Barney Beal, SearchCRM.com News Writer

While there will be a general slowdown in growth in the rapidly consolidating business intelligence (BI) software market in the coming years, opportunities exist for pure-play, best-of-breed BI software vendors, according to a report issued this week by International Data Corp.

The market will increase to $4.5 billion by 2007 at a compound annual growth rate of 4.1%, IDC forecasts. In 2002, the market was worth $3.7 billion.

"The market continues to be somewhat fragmented," said Dan Vesset, analytics and data warehousing research manager with Framingham, Mass.-based IDC. "Nobody really dominates that segment. The point is that there was consolidation, but growth rates are obviously lower than the late '90s.
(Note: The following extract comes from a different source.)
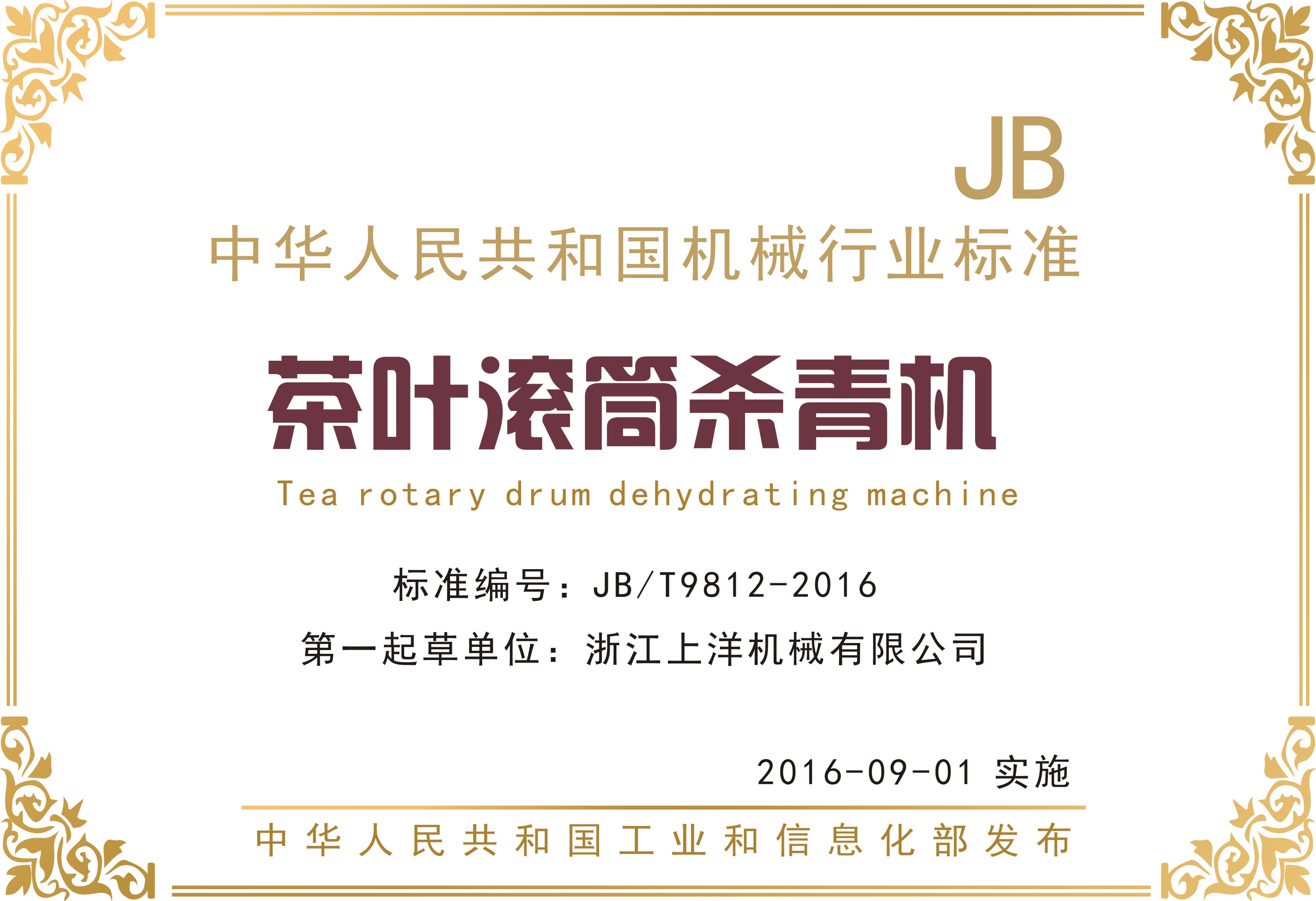 行業(yè)標準2、茶葉滾筒殺青機-第一起草單位

It's still a market with momentum, given the weak overall IT market."

The BI market experienced double-digit growth in 1999 and 2000.
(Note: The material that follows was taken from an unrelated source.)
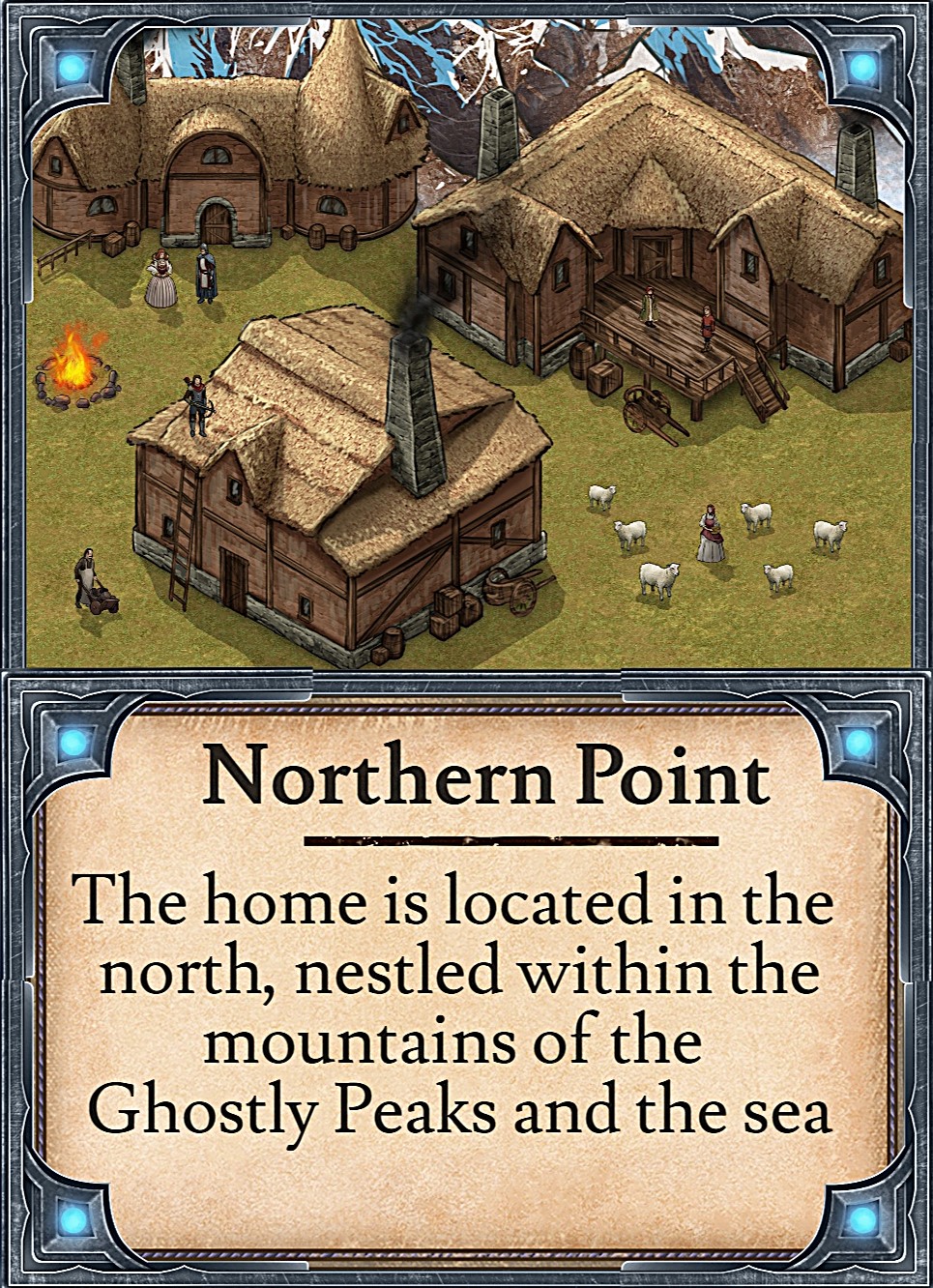 The home is located in the north, nestled within the mountains of the Ghostly Peaks, and on the edge of the sea.

BI remains a fragmented industry. The top 10 companies have about 60% market share, which stands in sharp contrast to industries such as the relational database sector, where the top 10 have a 95% share, Vesset said.

According to the report, the anticipated lower growth rates are due primarily to the embedding of business intelligence functionality in relational database systems and an increasing focus by BI and ERP vendors on analytics tools instead of BI software.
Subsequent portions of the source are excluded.